START Data to use

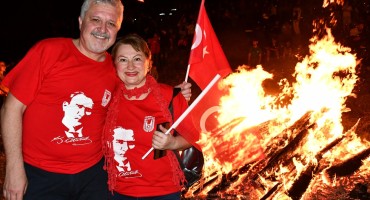 Dev ateşin etrafında bağımsızlık marşlarının söylendiği gecede Lüleburgaz halkı Ata’ya bağlılığını bir kez daha haykırdı.
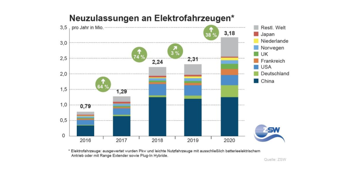 Auf 10,9 Millionen Fahrzeuge ist laut einer neuen Analyse des ZSW im Jahr 2020 der weltweite Bestand an Pkw und leichten Nutzfahrzeugen gestiegen, die einen Batterie-elektrischen Antrieb, Plug-in-Hybrid oder Range Extender haben. Bei den Neuzulassungen hat Deutschland die USA überholt.
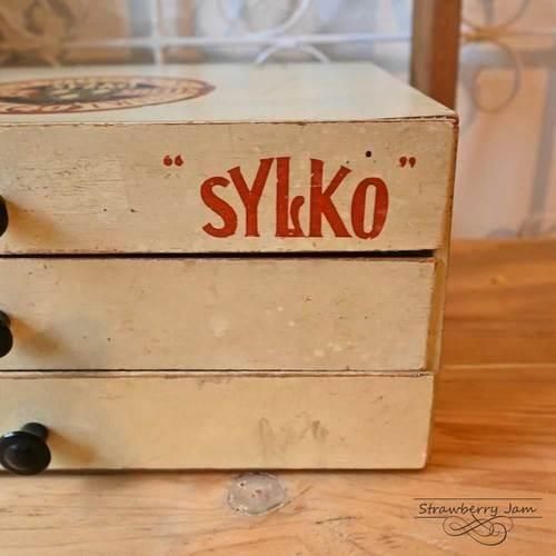 英国アンティーク ソーイングボックス 3段 SYLKO スプールキャビネット ボックス 収納ボックス 小物入れ イギリス
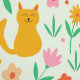 This is cute wallpaper featuring happy smiling cats surrounded by simple retro-style flowers in orange, pink, and peach. A fun and cheerful wallpaper for kids room, teen girl room or anyone who love cats and enjoys cute and playful patterns.
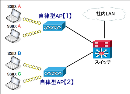 図のネットワークでは、各自律型APがそれぞれ異なるSSIDを提供している。

END Data to use

* [Task details]: Reproduce the data above exactly, but only the lines from the one showing "Auf 10,9 Millionen" through the one showing "英国アンティーク ソーイングボックス 3段", with both ends kept and the pictures left out.

* [Final answer]:
 Auf 10,9 Millionen Fahrzeuge ist laut einer neuen Analyse des ZSW im Jahr 2020 der weltweite Bestand an Pkw und leichten Nutzfahrzeugen gestiegen, die einen Batterie-elektrischen Antrieb, Plug-in-Hybrid oder Range Extender haben. Bei den Neuzulassungen hat Deutschland die USA überholt.
 英国アンティーク ソーイングボックス 3段 SYLKO スプールキャビネット ボックス 収納ボックス 小物入れ イギリス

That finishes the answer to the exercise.